Stored entries –
/---
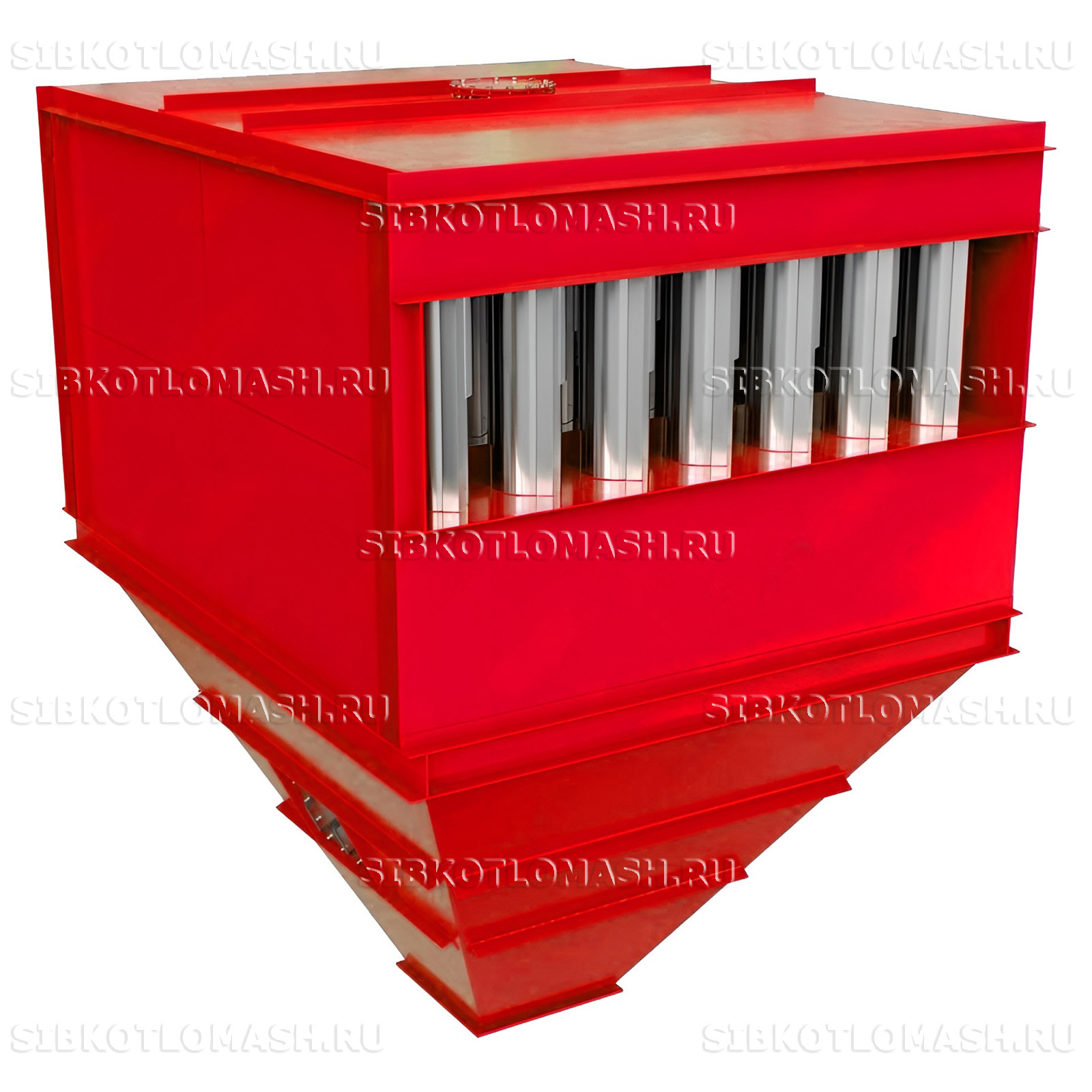 Циклонные элементы состоят из полых цилиндрических корпусов с конусной частью внизу и входными патрубками с аппаратами закручивания (полуулитками). Внутри элементов вертикально установлены выхлопные патрубки.
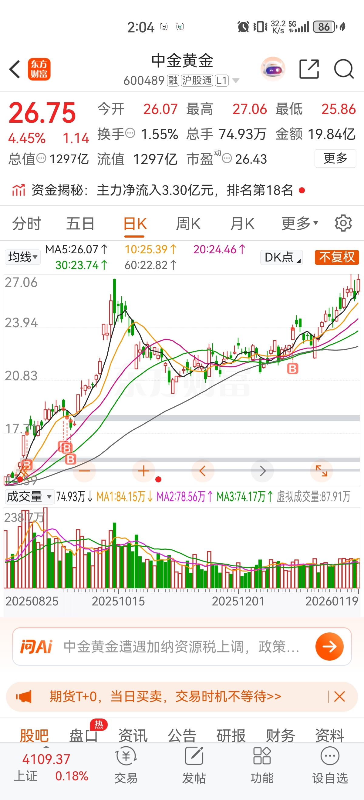 $中金黄金(SH600489)$ 看日K线图M顶了,短线快跑吧,再不跑又被套了
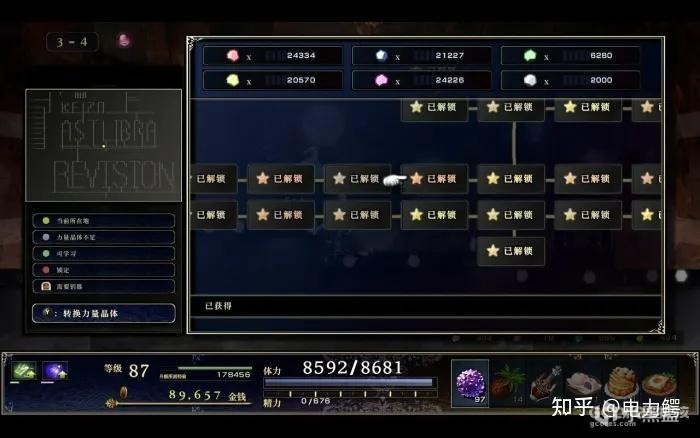 其無論是練功,還是裝備驅動的玩法都無比充實且令人上癮。例如,每一把武器、盔甲和盾牌如果刷滿熟練度都有獨特獎勵、很多時候甚至直接就是解鎖新的技能;又比如,甚至連晶體數值成長這個簡單的“收集足夠點數-加數值”的系統,都被做成了一個迷你小迷宮;遊戲更是完美恰當地在強度巨幅提升的新章(新章並非傳統意義上的二週目,而是故事的終章,這和遊戲敘事有關,這裏不展開說了),引入了隨機掉落的裝備盤系統,在強化裝備的同時,帶來了幾個新章的畢業級構築路線,讓玩家在本篇通關充分成長後還有進一步的精進空間和爽點。
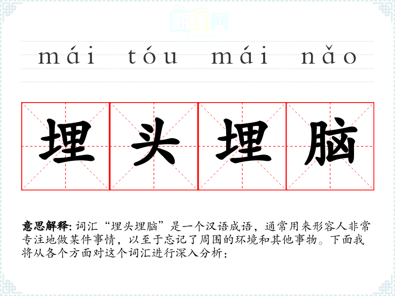 词汇“埋头埋脑”是一个汉语成语,通常用来形容人非常专注地做某件事情,以至于忘记了周围的环境和其他事物。下面我将从各个方面对这个词汇进行深入分析:
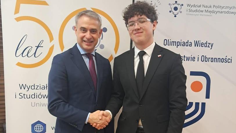 To osiągnięcie jest efektem nie tylko talentu, ale przede wszystkim systematycznej pracy i pasji do zgłębiania zagadnień związanych z funkcjonowaniem państwa oraz współczesnymi wyzwaniami w zakresie bezpieczeństwa. Olimpiada o Bezpieczeństwie i Obronności należy do najbardziej wymagających konkursów wiedzy w Polsce i obejmuje szeroki zakres tematyczny. Tegoroczna edycja została poświęcona cyberbezpieczeństwu w Polsce i współczesnym świecie. W trakcie konkursu sprawdzana była nie tylko znajomość systemu bezpieczeństwa państwa czy relacji międzynarodowych, ale także umiejętność analizowania zjawisk, które kształtują współczesny świat.Finałowy etap konkursu odbył się w sobotę, 14 marca, na Uniwersytecie Warszawskim i zgromadził 150 najlepszych uczniów z całej Polski, wyłonionych w wieloetapowych eliminacjach szkolnych oraz okręgowych. W tym elitarnym gronie Mateusz Borówka udowodnił, że należy do ścisłej krajowej czołówki młodych specjalistów w dziedzinie bezpieczeństwa. Trzecioklasista gratulacje odebrał od Wiceprezesa Rady Ministrów i Ministra Cyfryzacji, Krzysztofa Gawkowskiego. Zwycięzcą jubileuszowej olimpiady został Bartłomiej Słyś, zdobywając 230 punktów.
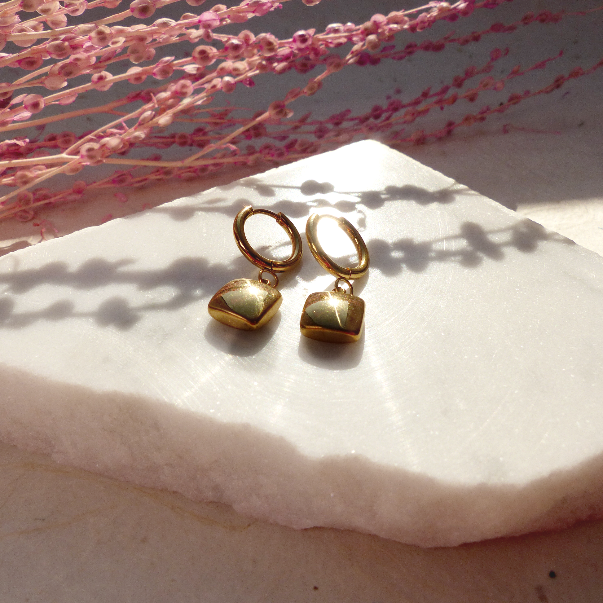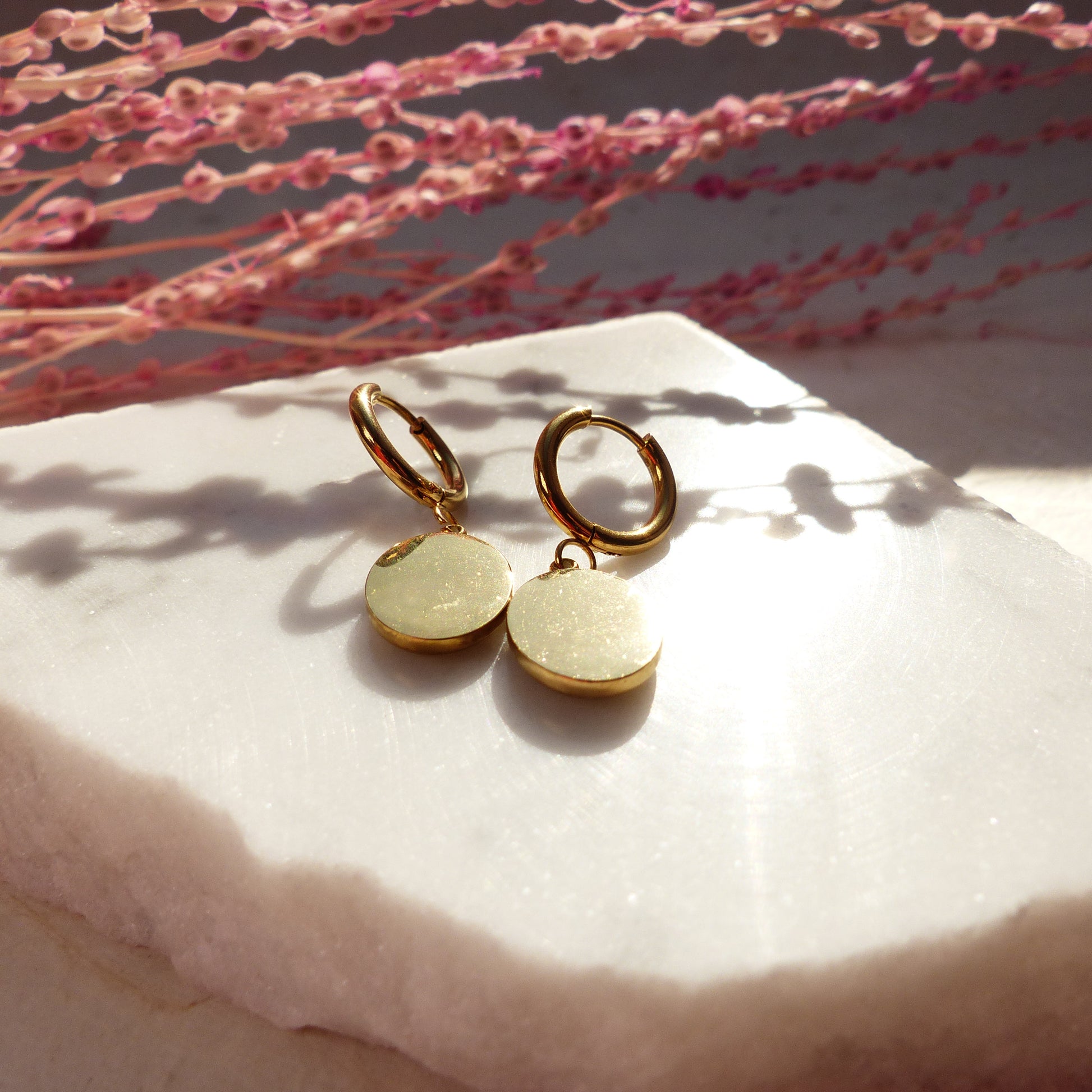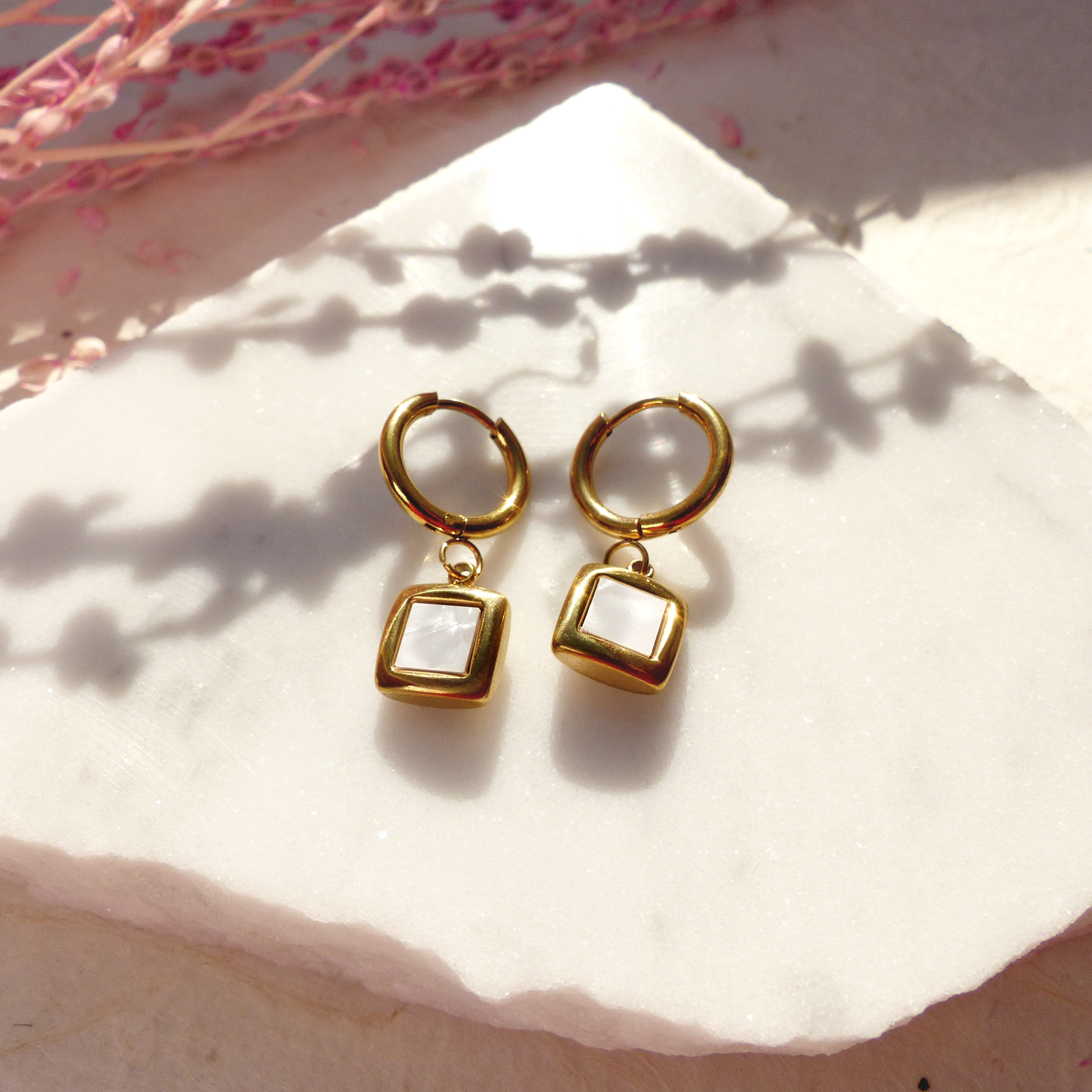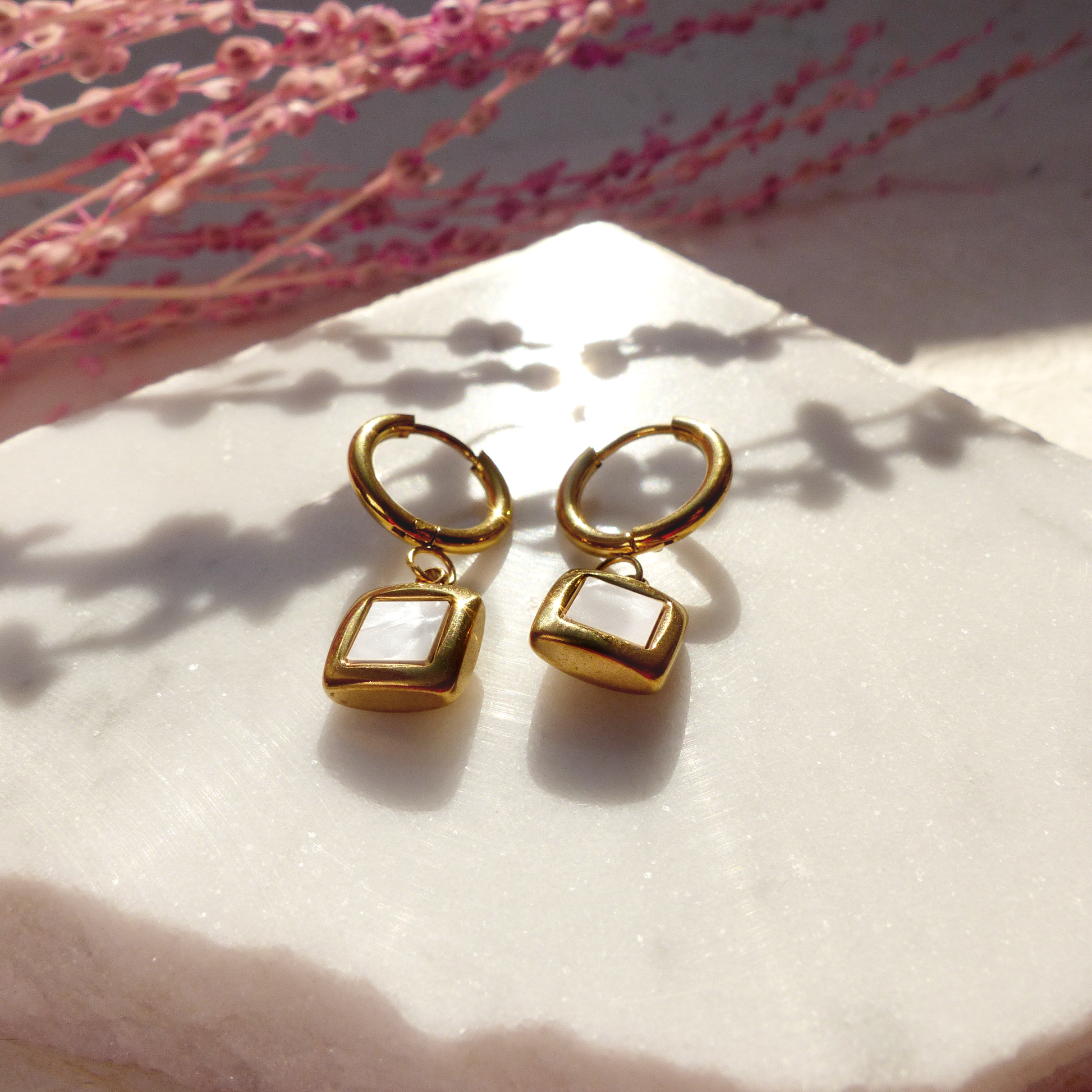 Die kleinen goldenen Ringe aus vergoldetem Edelstahl tragen zarte Anhänger – einer oval, der andere eckig, beide haben schimmerndem Perlmutt eingefasst. Fein und elegant umrahmen sie das Gesicht - perfekt für Tage, an denen du mit sanften Akzenten glänzen möchtest, sei es bei einem ruhigen Treffen oder einem stilvollen Abend.
\---
Work to be completed – Whenever a picture appears, leave it out, and return every record exactly.

Task answer –
 Циклонные элементы состоят из полых цилиндрических корпусов с конусной частью внизу и входными патрубками с аппаратами закручивания (полуулитками). Внутри элементов вертикально установлены выхлопные патрубки.
 $中金黄金(SH600489)$ 看日K线图M顶了,短线快跑吧,再不跑又被套了
 其無論是練功,還是裝備驅動的玩法都無比充實且令人上癮。例如,每一把武器、盔甲和盾牌如果刷滿熟練度都有獨特獎勵、很多時候甚至直接就是解鎖新的技能;又比如,甚至連晶體數值成長這個簡單的“收集足夠點數-加數值”的系統,都被做成了一個迷你小迷宮;遊戲更是完美恰當地在強度巨幅提升的新章(新章並非傳統意義上的二週目,而是故事的終章,這和遊戲敘事有關,這裏不展開說了),引入了隨機掉落的裝備盤系統,在強化裝備的同時,帶來了幾個新章的畢業級構築路線,讓玩家在本篇通關充分成長後還有進一步的精進空間和爽點。
 词汇“埋头埋脑”是一个汉语成语,通常用来形容人非常专注地做某件事情,以至于忘记了周围的环境和其他事物。下面我将从各个方面对这个词汇进行深入分析:
 To osiągnięcie jest efektem nie tylko talentu, ale przede wszystkim systematycznej pracy i pasji do zgłębiania zagadnień związanych z funkcjonowaniem państwa oraz współczesnymi wyzwaniami w zakresie bezpieczeństwa. Olimpiada o Bezpieczeństwie i Obronności należy do najbardziej wymagających konkursów wiedzy w Polsce i obejmuje szeroki zakres tematyczny. Tegoroczna edycja została poświęcona cyberbezpieczeństwu w Polsce i współczesnym świecie. W trakcie konkursu sprawdzana była nie tylko znajomość systemu bezpieczeństwa państwa czy relacji międzynarodowych, ale także umiejętność analizowania zjawisk, które kształtują współczesny świat.Finałowy etap konkursu odbył się w sobotę, 14 marca, na Uniwersytecie Warszawskim i zgromadził 150 najlepszych uczniów z całej Polski, wyłonionych w wieloetapowych eliminacjach szkolnych oraz okręgowych. W tym elitarnym gronie Mateusz Borówka udowodnił, że należy do ścisłej krajowej czołówki młodych specjalistów w dziedzinie bezpieczeństwa. Trzecioklasista gratulacje odebrał od Wiceprezesa Rady Ministrów i Ministra Cyfryzacji, Krzysztofa Gawkowskiego. Zwycięzcą jubileuszowej olimpiady został Bartłomiej Słyś, zdobywając 230 punktów.
 Die kleinen goldenen Ringe aus vergoldetem Edelstahl tragen zarte Anhänger – einer oval, der andere eckig, beide haben schimmerndem Perlmutt eingefasst. Fein und elegant umrahmen sie das Gesicht - perfekt für Tage, an denen du mit sanften Akzenten glänzen möchtest, sei es bei einem ruhigen Treffen oder einem stilvollen Abend.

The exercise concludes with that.